I can't not believe anyone is excusing what these "anonymous" stalkers actually said. Did you read the legal document? Free speech is not absolute. Anyone who thinks so is ignorant of the law.

People who think it is funny to joke about raping real humans and ecouraging others to rape said humans is not a free speech advocate but a sicko. Their politics are not liberal, conservative, or libertarian (perhaps anarchist), but surely enamored with a sort of perverts' Social Dawinism whereby anything goes so long as it is brutal.

Any site administrator who refuses a logical request to take down such messages is not much better.

Sunday, November 11, 2007 03:28 PM

My understanding is that they a) used real names and b) posted pics

and some pics may have been taken surreptitiously.

I think the pics were used in some sort of hot-or-not gallery of law students.

Sunday, November 11, 2007 02:56 PM

Did the women identify themselves by their real names?

Or were all these offensive posts addressed to handles? Because as much as I'd gleefully sodomize with power tools some of the letter scribblers here, I doubt their handles identify them in any real way and so there's no actual harm or threat to them even if I said it out loud. I've received death threats on line and I don't pay it any mind - It's not as if you can look me up in the phone book. So if the women identified themselves in a real world way and now they piss and moan that the big bad peoples are saying nasty things about them, then who cares? Maybe the law students need to pull their heads out of their vaginas for a second and stop sniveling.

Sunday, November 11, 2007 02:44 PM

Wow

"These women surely must deserve at least some of the criticism lodged against them"

Often I find that women get out of hand and deserve to be threaened with anal sodomy, and sometimes even sodomized just to make a point.

Obviously, that is sarcasm.

I spend a lot of time on various message boards, political and sports mainly, and never cease to be amazed by the apparent lack of intelligence and basic human decency that seems to be over-taking our populace.

As a male lawyer, I would love to take those clowns depositions. It would also be great to get them in front of a jury so they explain their comments.

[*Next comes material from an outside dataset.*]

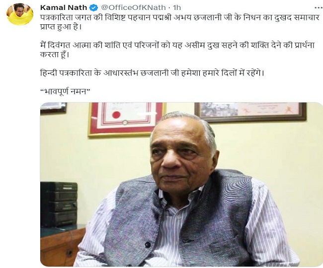 Indore News: वरिष्ठ पत्रकार पद्मश्री अभय छजलानी का लंबी बीमारी के बाद निधन, 88 साल की उम्र में ली अंतिम सांस
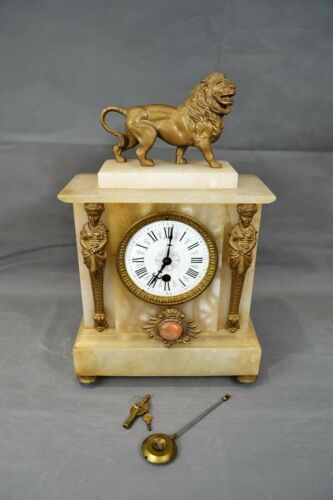 Antique Alabaster Mantel Clock with Brass Lion on Top Key & Pendulum

Sunday, November 11, 2007 01:48 PM

I understand where you're coming from and the distress you talk about, but .....

...this notion that the plaintiffs should be allowed to sue the forum administrator not because he has any legal liability but because he gives the lawyers "someone to go after" is chilling.

In your zeal to nail someone for the nasty things that anonymous posters have said, you are coming perilously close to advocating vigilante justice. Anyone writing for Salon should know better than this.

Besides being unseemly, the tactic endorsed by your note will only serve to feed the problem. Going after a forum administrator for comments posted by anonymous writers will only empower the writers and reinforce the notion that anonymity = immunity. On the other hand, unmasking the posters and holding them accountable will serve notice that you are responsible for what you say whether you use your own name, a fake name or no name at all. And isn't that the result you're looking for?

Sunday, November 11, 2007 01:31 PM

The posters were probably all conservatives...

I'm being serious. I used to post on the (now defunct) Yahoo! message boards and ALL of the hate posts were from conservatives. Yes, the bastions of "moral values" had no problem calling for the deaths of gays (and accused them of creating some kind of molesting kids manifesto), complaining about too many blacks in the inner cities, and wanting to "hate fuck" Nancy Pelosi.

A previous conservative troll on here used the old "liberal double standard" when it came to free speech (you know the one, where we believe in free speech until you say something we don't want to hear). But of course the moment you question the Iraq war, Bush, or say so much as a cuss word, we all know how well they stand by their belief in it don't we? Maybe these people who are so concerned about "politcal correctness" (and you will never convince me it's a real issue) should go back and look at some of the "immoral" things their own have said. But of course that would mean facing their own hypocracy, wouldn't it?